Nematode strain, media, and preparation of axenic nematode
eggs.
The nematode strain used in this study was Steinernema
carpocapsae All (Biosys). To grow nematodes in vitro, the X. nematophilus strains were first grown on oily agar plates (16 g of
nutrient broth, 5 g of yeast extract, 5 g of commercially
available vegetable oil, 15 ml of NaPO4 buffer [pH 7.0],
and 15 g of Bacto Agar [Difco] in a final volume of 1 liter).
Axenic nematode eggs were placed on the bacteria and incubated at room
temperature. To obtain axenic eggs, the following procedure was used.
Adult nematodes were washed twice with distilled water and then placed
in a solution containing 6.75 ml of distilled water, 2 ml of Clorox,
and 1.25 ml of 5 N NaOH. The nematodes were incubated at room
temperature until they disappeared (about 5 min), and the eggs, which
were resistant to the base solution used, were pelleted by
centrifugation at room temperature for 2 min at 900 × g with a Marathon model 21K/BR centrifuge (Fisher
Scientific). The eggs were washed once with sterile distilled water and
once with a physiological salt solution. To maintain the infective
juvenile nematodes, the nematodes were grown on a bacterial lawn on an
oily agar plate.
Swarming motility on soft agar.
LB agar containing 0.5%
Bacto Agar, 60 µg of ampicillin per ml, 0.0025% bromothymol blue,
and 0.004% triphenyltetrazolium chloride was used to observe swarming
motility (29). The plates were dried at room temperature.
The various strains of X. nematophilus were grown in
Grace's medium for 24 h, and 1-µl portions of the bacterial
cultures were placed on the swarm plates. The plates were incubated at
30°C and continually observed for swarming motility.

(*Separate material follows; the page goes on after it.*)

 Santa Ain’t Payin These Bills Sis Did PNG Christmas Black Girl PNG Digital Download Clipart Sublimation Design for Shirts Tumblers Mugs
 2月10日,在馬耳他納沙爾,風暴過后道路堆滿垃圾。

Antibiotic production, protease activity, and hemolysis.
Antibiotic activity was tested by previously described methods (4,
19). Briefly, 1 µl of a 24-h bacterial culture was placed on an
LB agar plate and then incubated for 48 h. The bacteria were then
exposed to chloroform fumes for 30 min and air dried for 30 min.

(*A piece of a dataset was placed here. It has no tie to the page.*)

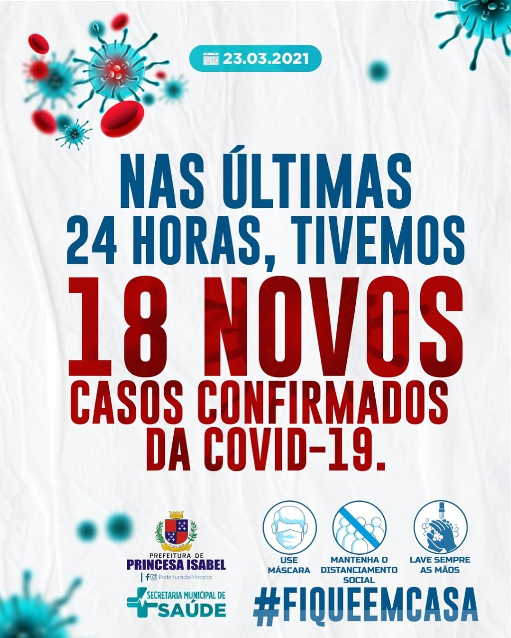 NAS ÚLTIMAS 24 HORAS, TIVEMOS 18 NOVOS CASOS CONFIRMADOS DA COVID-19.

Micrococcus luteus (25 µl of an overnight culture; ~109 cells/ml) was added to 6 ml of top agar, which was
poured over the bacterial colony, and zones of growth inhibition were
observed. Hemolysis was determined with standard sheep blood agar
plates (9). Protease activity was measured by the gelatin
plate assay as described previously (9). The lack of this
activity in strains AN6/II and 19061/II was observed previously by R. Akhurst and R. Hurlbert, respectively.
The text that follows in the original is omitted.